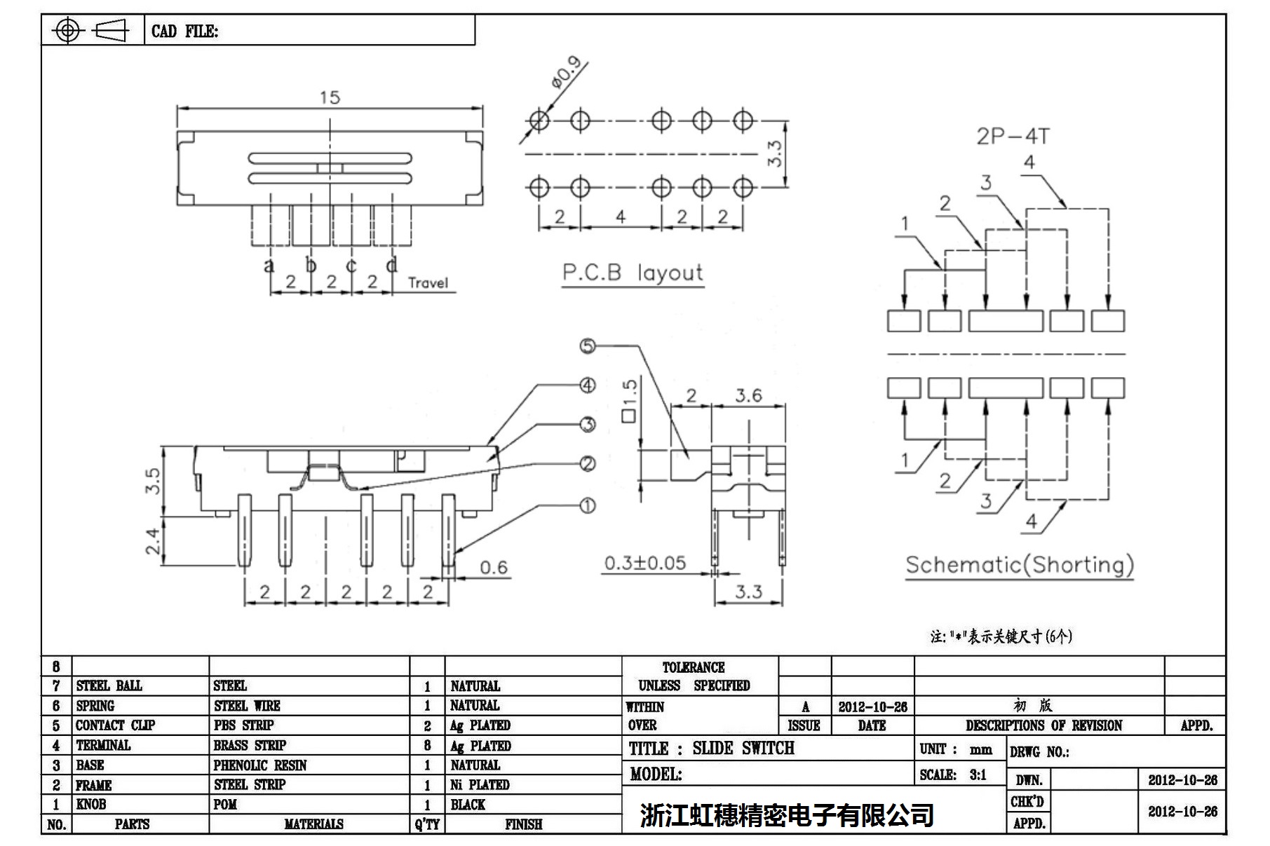 迷你撥動開關側撥 技術參數:
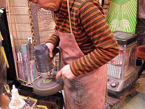 ペダルは青棒という固形の棒状の物をバフにつけて磨くのだ
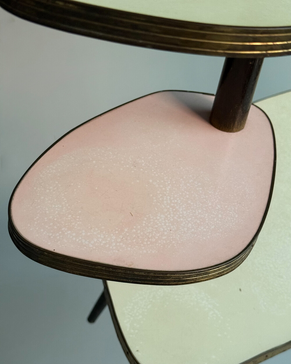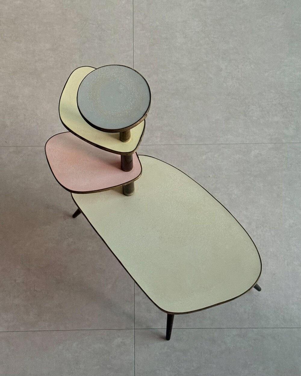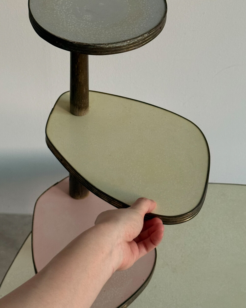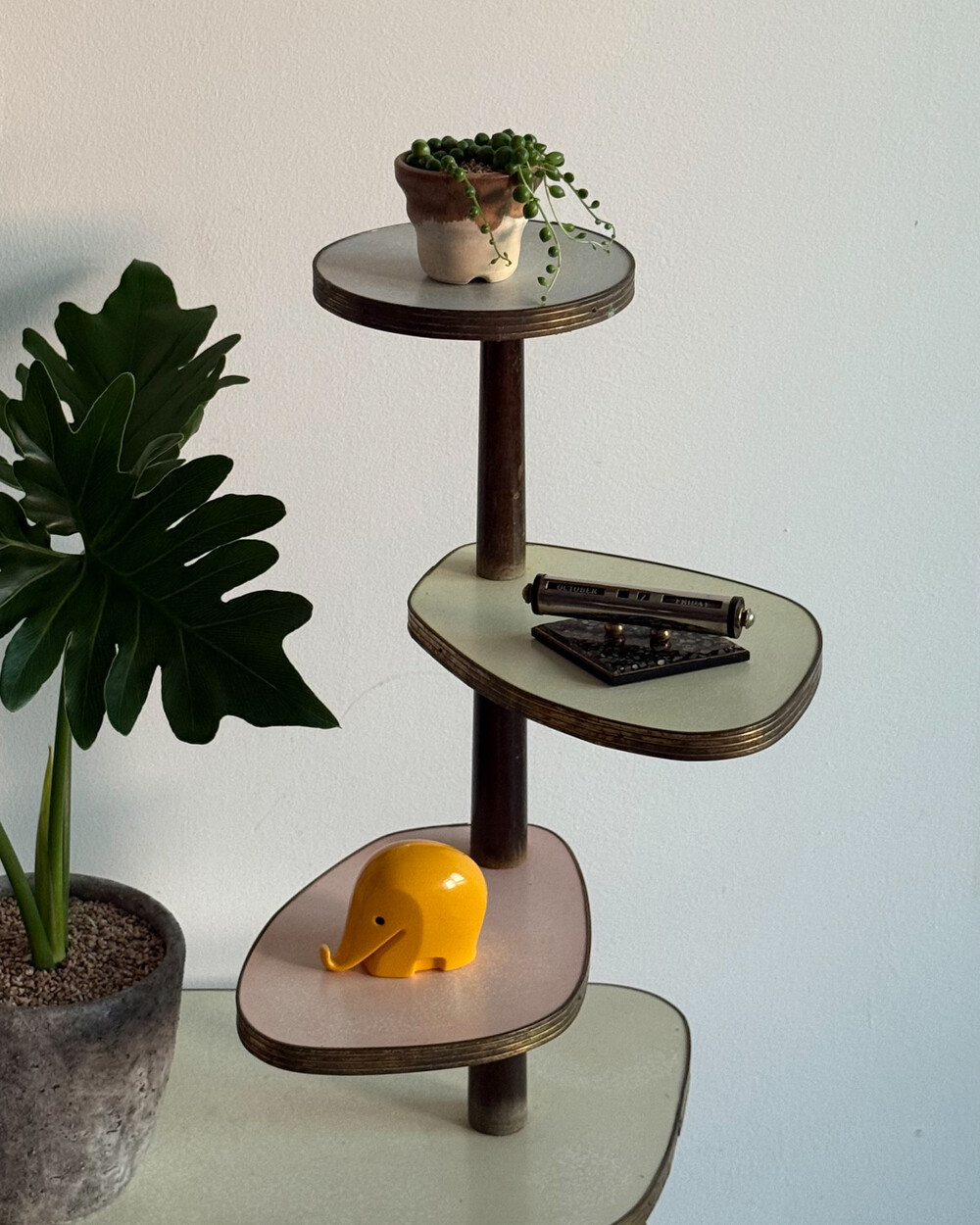 1960년대 서독에서 제작된 빈티지 식물 스탠드입니다. 곡선형 상판 위로 라이트 그레이, 레몬, 핑크의 파스텔 톤 조합의 서브 쉘프가 3단 계단형으로 배열되어 있습니다. 각 단은 360도 회전이 가능한 구조로 자유로운 배치와 연출이 가능합니다. 식물 스탠드 외에도 오브제, 조명, 서적 등을 함께 연출하실 수 있습니다.

■ **What you have to do**:
Your job is to reproduce the material exactly. Keep pictures out of it.

■ **Answer**:
 迷你撥動開關側撥 技術參數:
 ペダルは青棒という固形の棒状の物をバフにつけて磨くのだ
 1960년대 서독에서 제작된 빈티지 식물 스탠드입니다. 곡선형 상판 위로 라이트 그레이, 레몬, 핑크의 파스텔 톤 조합의 서브 쉘프가 3단 계단형으로 배열되어 있습니다. 각 단은 360도 회전이 가능한 구조로 자유로운 배치와 연출이 가능합니다. 식물 스탠드 외에도 오브제, 조명, 서적 등을 함께 연출하실 수 있습니다.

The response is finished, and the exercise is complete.